**PROBLEM**
Drop every image, then reproduce the data exactly as given.

**RECORDED INFORMATION**
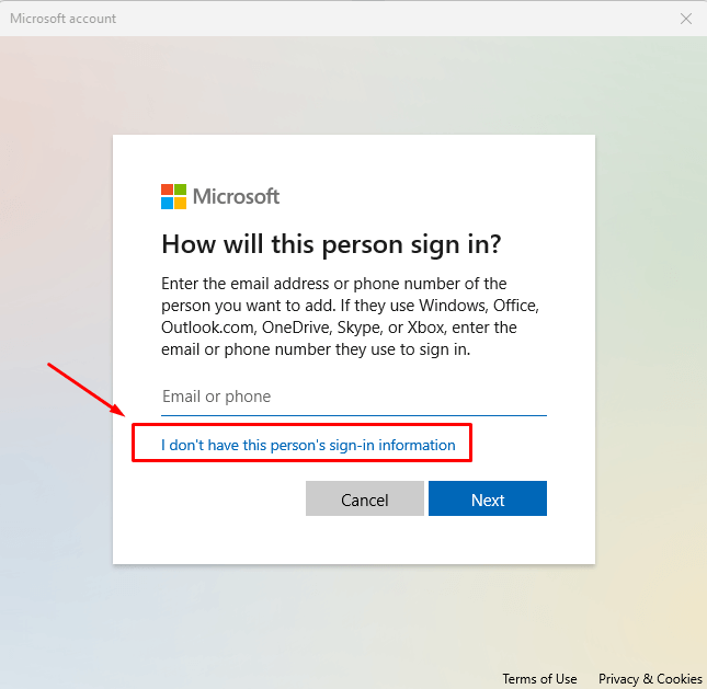 Langkah 5. Klik pada ‘I don’t have this person’s sign-in information’.
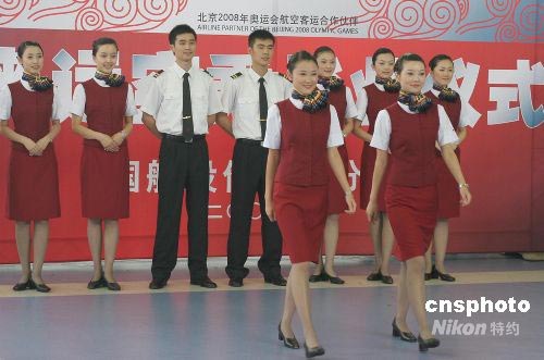 圖為“奧運(yùn)空乘”在結(jié)業(yè)儀式上進(jìn)行形象展示。中新社發(fā) 易世忠 攝
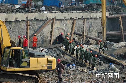 记者了解到,中铁一局、中铁二局、中铁隧道局等中铁集团下属单位的施工人员也已赶来加入施救大军,配合基坑里淤泥的挖掘工作,挖掘工作尽显人性化。他们先用铁锹在基坑底部按东西方向挖出一道道密集的约50公分深的壕沟,如果没有发现遇难者遗体,再使用挖掘机将约50公分厚的淤泥铲除,接着又是人工挖掘,周而复始。(完)
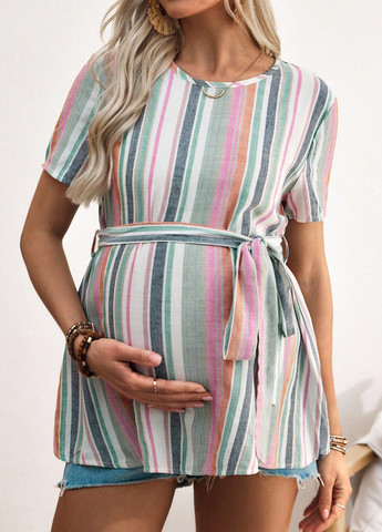 Блуза SHEIN для вагітних із дрібним квітковим принтом. Ця блуза з квадратним вирізом та об'ємними рукавами. Розкльошений поділ та баска. Блуза доповнена оборкою та складаннями. Візерунок виконаний в стилі бохо, в смужку і з принтом по всій поверхні. Довгі рукави та класичний крій. Блуза не розтягується. Можна прати у пральній машині або піддавати професійній хімчистці.

**ANSWER BELOW**
 Langkah 5. Klik pada ‘I don’t have this person’s sign-in information’.
 圖為“奧運(yùn)空乘”在結(jié)業(yè)儀式上進(jìn)行形象展示。中新社發(fā) 易世忠 攝
 记者了解到,中铁一局、中铁二局、中铁隧道局等中铁集团下属单位的施工人员也已赶来加入施救大军,配合基坑里淤泥的挖掘工作,挖掘工作尽显人性化。他们先用铁锹在基坑底部按东西方向挖出一道道密集的约50公分深的壕沟,如果没有发现遇难者遗体,再使用挖掘机将约50公分厚的淤泥铲除,接着又是人工挖掘,周而复始。(完)
 Блуза SHEIN для вагітних із дрібним квітковим принтом. Ця блуза з квадратним вирізом та об'ємними рукавами. Розкльошений поділ та баска. Блуза доповнена оборкою та складаннями. Візерунок виконаний в стилі бохо, в смужку і з принтом по всій поверхні. Довгі рукави та класичний крій. Блуза не розтягується. Можна прати у пральній машині або піддавати професійній хімчистці.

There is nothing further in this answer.